Battery Capacity 1050mah
Variable Voltage from 3.3 to 5.0 voltage
Maximum 10 Watt Output
LED screen displays Vaping seconds, Battery power, and current voltage
Mini USB Charging Port (1.5 hour charge time)
510 threaded connection
Compact Size Measures 23.5mm x 52mm x 21mm
Available in red, blue, black, and silver






Read more: http://vapingcheap.com/mini-istick-eleaf/#ixzz3LlACbJQJ

Reactions: Like 3


----------



## free3dom (13/12/14)

Daniel said:


> *Looks like a great little stealth device , still don't get why they put the charging port on the bottom  *
> 
> *Mini iStick Features:*
> 
> ...



It's so cute...I will be mine, oh yes, it will be mine 

FFS, they used "red" again


----------



## Dubz (13/12/14)

Oh my goodness the iStick already is so mini.

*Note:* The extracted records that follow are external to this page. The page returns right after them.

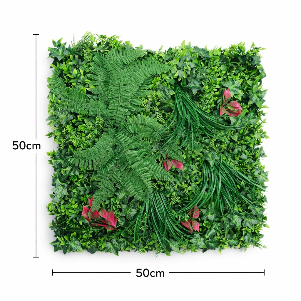 Stylish tropical artificial green wall panel featuring lush fern leaves and layered greenery. Ideal for modern decor, indoor feature walls, commercial spaces, and decorative vertical gardens with a vibrant botanical appearance.
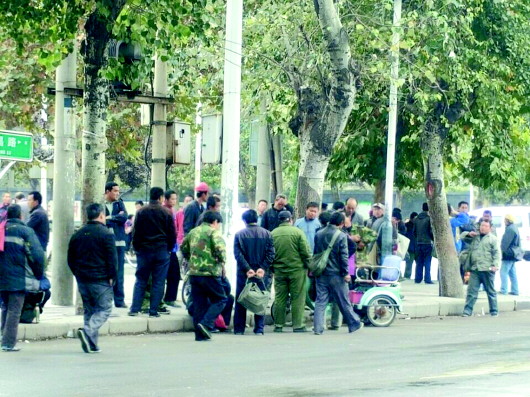 10月27日下午3点,记者来到文昌路与清河街交叉口,马路边聚集了好几十号人,见到有人来,他们一拥而上:“你有么活儿?”得知记者的来意后人们纷纷散去。
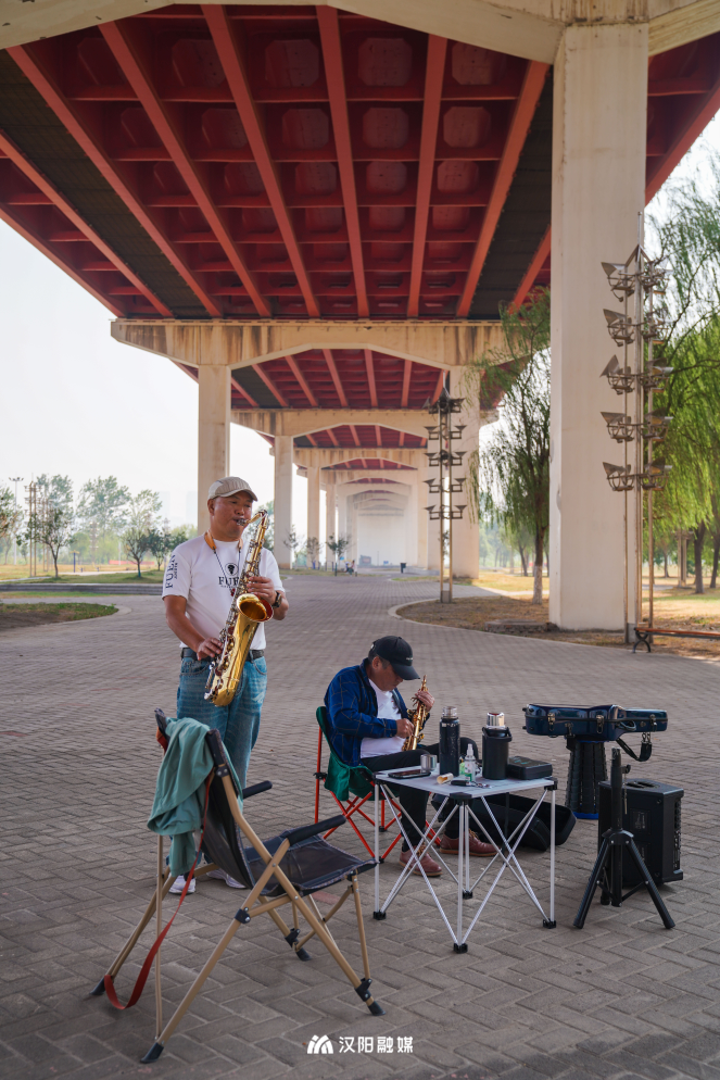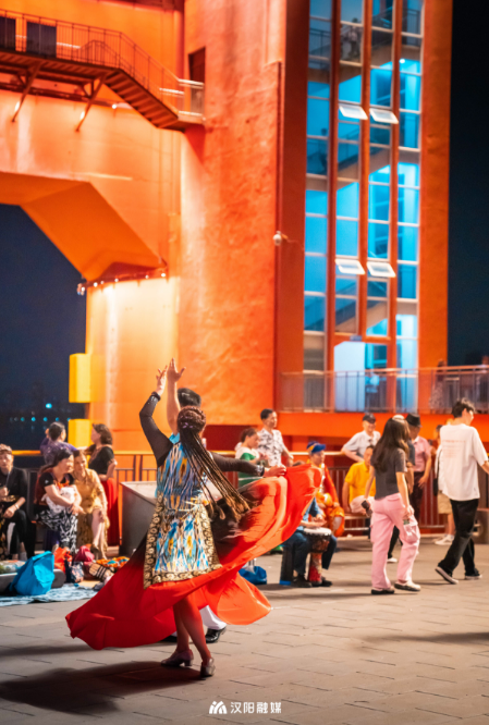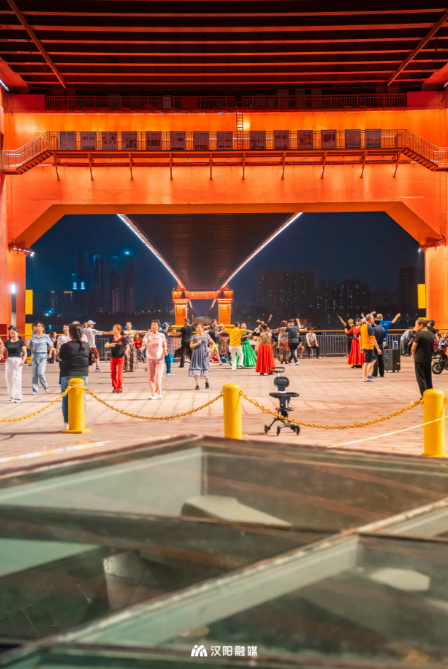 △鹦鹉洲桥下的桥梁文化广场市民们于此散步聊天、跳舞健身。

Awesome stealth device though.


----------



## Silver (13/12/14)

Lol that's so cute
A clearo tank will be bigger than it I think
Now we need a mini Evod

Reactions: Like 1 | Agree 1


----------



## Daniel (13/12/14)

Silver said:


> Lol that's so cute
> A clearo tank will be bigger than it I think
> Now we need a mini Evod



http://www.vaportekusa.com/eleaf-gs162-atomizer-for-istick-mini-pre-order/


----------



## rogue zombie (13/12/14)

Nah, I don't like the square look.

As if the iStick needs to be smaller

Reactions: Agree 1


----------



## Arthster (13/12/14)

I will misplace that one way to easy, but it does look pretty cute though. If you get that one and the normal one you can give that one to your wife. Him and Hers.


----------



## hands (13/12/14)

Well it was such a small and cute thingy now they made it smaller. they definitely need to work on something that looks as cute, super stealthy and also works as good as it does that can go on it.


----------